* Directions:
What is needed is an exact copy of the lines in the entries below from the one holding "Inlaid with chrysoprase, opal, arizona" through the one holding "北杜市白州町、南アルプスの山並みに輝く宵の明星と麓の街灯り", pictures excluded.

* Task inputs:
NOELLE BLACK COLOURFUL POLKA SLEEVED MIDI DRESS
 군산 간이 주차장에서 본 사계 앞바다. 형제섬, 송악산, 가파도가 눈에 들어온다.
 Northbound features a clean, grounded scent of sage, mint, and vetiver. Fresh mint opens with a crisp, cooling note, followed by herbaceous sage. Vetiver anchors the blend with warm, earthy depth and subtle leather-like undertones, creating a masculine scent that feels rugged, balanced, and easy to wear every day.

...

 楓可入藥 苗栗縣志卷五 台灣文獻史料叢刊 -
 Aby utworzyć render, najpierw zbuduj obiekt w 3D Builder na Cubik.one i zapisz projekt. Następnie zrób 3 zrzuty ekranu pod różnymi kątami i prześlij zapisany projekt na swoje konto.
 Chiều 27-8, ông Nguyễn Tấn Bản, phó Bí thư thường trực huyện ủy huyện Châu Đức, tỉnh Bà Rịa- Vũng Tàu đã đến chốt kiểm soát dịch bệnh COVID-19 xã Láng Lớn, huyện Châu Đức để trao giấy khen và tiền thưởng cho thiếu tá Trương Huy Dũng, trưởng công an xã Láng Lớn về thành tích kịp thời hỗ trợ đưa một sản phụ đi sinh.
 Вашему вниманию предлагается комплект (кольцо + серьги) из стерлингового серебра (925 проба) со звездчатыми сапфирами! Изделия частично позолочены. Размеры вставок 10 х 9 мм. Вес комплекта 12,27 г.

---

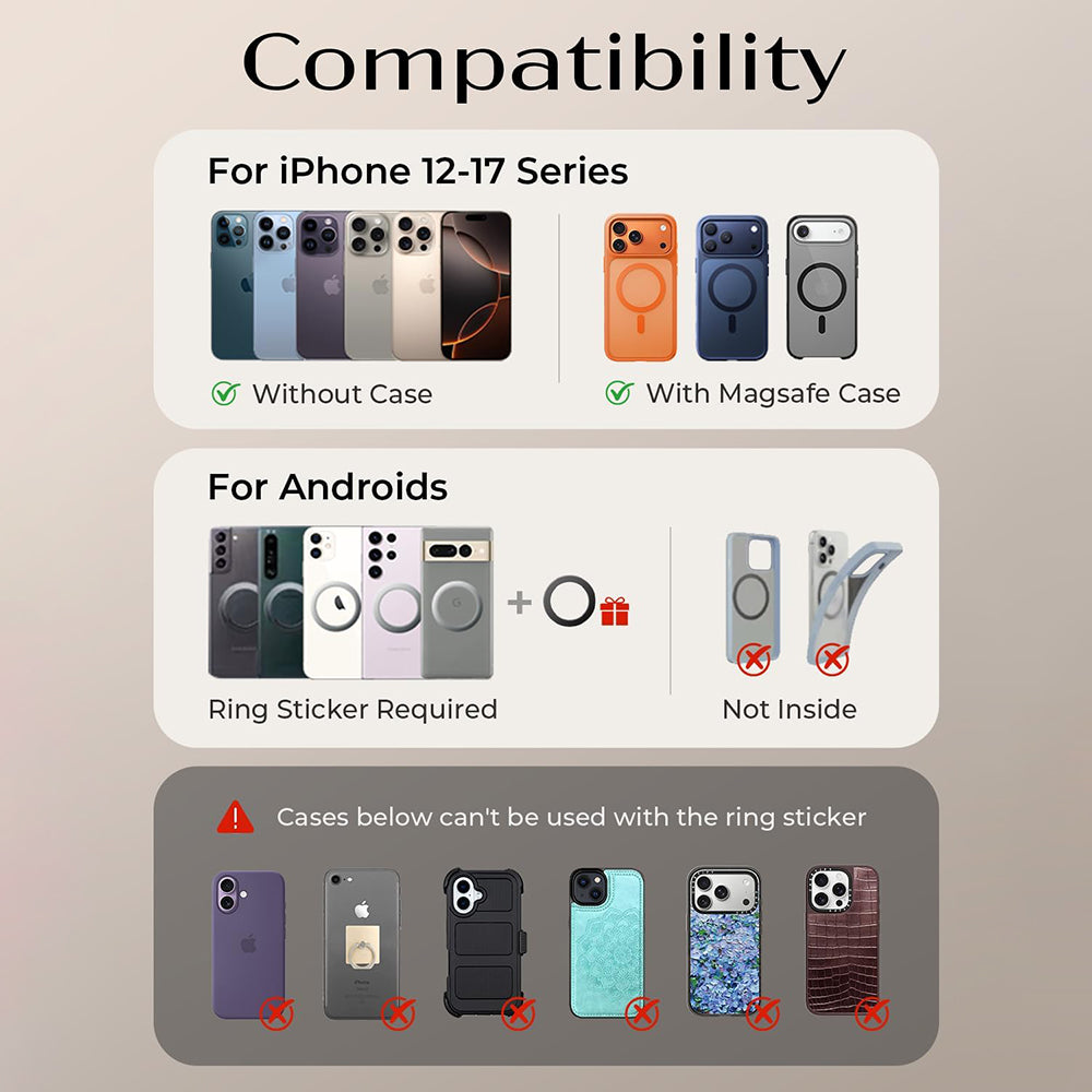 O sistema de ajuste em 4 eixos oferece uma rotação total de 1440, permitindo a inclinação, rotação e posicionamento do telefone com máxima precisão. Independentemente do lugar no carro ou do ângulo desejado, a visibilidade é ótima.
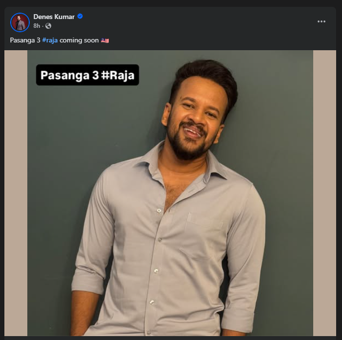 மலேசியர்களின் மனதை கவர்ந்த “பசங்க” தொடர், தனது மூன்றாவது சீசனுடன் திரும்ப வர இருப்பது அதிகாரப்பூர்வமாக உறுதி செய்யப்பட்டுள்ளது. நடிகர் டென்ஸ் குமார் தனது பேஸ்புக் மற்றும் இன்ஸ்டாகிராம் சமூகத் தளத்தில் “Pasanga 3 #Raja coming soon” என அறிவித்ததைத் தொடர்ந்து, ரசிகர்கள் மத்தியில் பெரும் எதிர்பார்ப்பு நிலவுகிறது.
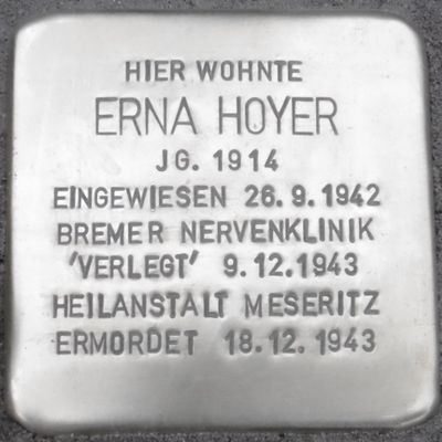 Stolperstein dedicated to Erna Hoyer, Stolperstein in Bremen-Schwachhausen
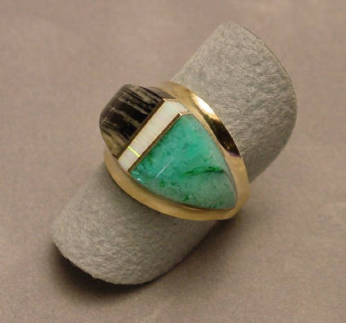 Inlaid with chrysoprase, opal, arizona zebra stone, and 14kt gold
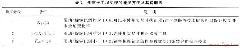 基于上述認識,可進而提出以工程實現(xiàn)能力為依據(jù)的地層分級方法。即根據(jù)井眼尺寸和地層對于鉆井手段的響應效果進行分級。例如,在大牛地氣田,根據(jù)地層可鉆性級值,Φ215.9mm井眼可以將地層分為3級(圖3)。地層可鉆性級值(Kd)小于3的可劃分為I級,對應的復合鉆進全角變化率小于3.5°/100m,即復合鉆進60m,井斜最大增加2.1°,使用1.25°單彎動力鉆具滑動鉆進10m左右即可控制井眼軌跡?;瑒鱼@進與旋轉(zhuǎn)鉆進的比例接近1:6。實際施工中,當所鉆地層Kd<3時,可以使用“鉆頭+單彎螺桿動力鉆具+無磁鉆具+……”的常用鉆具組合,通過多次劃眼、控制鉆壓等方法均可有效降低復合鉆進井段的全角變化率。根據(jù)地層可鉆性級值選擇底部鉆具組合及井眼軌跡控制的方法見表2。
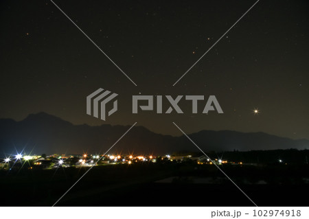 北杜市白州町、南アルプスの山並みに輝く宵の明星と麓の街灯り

* Solution to this task:
 Inlaid with chrysoprase, opal, arizona zebra stone, and 14kt gold
 基于上述認識,可進而提出以工程實現(xiàn)能力為依據(jù)的地層分級方法。即根據(jù)井眼尺寸和地層對于鉆井手段的響應效果進行分級。例如,在大牛地氣田,根據(jù)地層可鉆性級值,Φ215.9mm井眼可以將地層分為3級(圖3)。地層可鉆性級值(Kd)小于3的可劃分為I級,對應的復合鉆進全角變化率小于3.5°/100m,即復合鉆進60m,井斜最大增加2.1°,使用1.25°單彎動力鉆具滑動鉆進10m左右即可控制井眼軌跡?;瑒鱼@進與旋轉(zhuǎn)鉆進的比例接近1:6。實際施工中,當所鉆地層Kd<3時,可以使用“鉆頭+單彎螺桿動力鉆具+無磁鉆具+……”的常用鉆具組合,通過多次劃眼、控制鉆壓等方法均可有效降低復合鉆進井段的全角變化率。根據(jù)地層可鉆性級值選擇底部鉆具組合及井眼軌跡控制的方法見表2。
 北杜市白州町、南アルプスの山並みに輝く宵の明星と麓の街灯り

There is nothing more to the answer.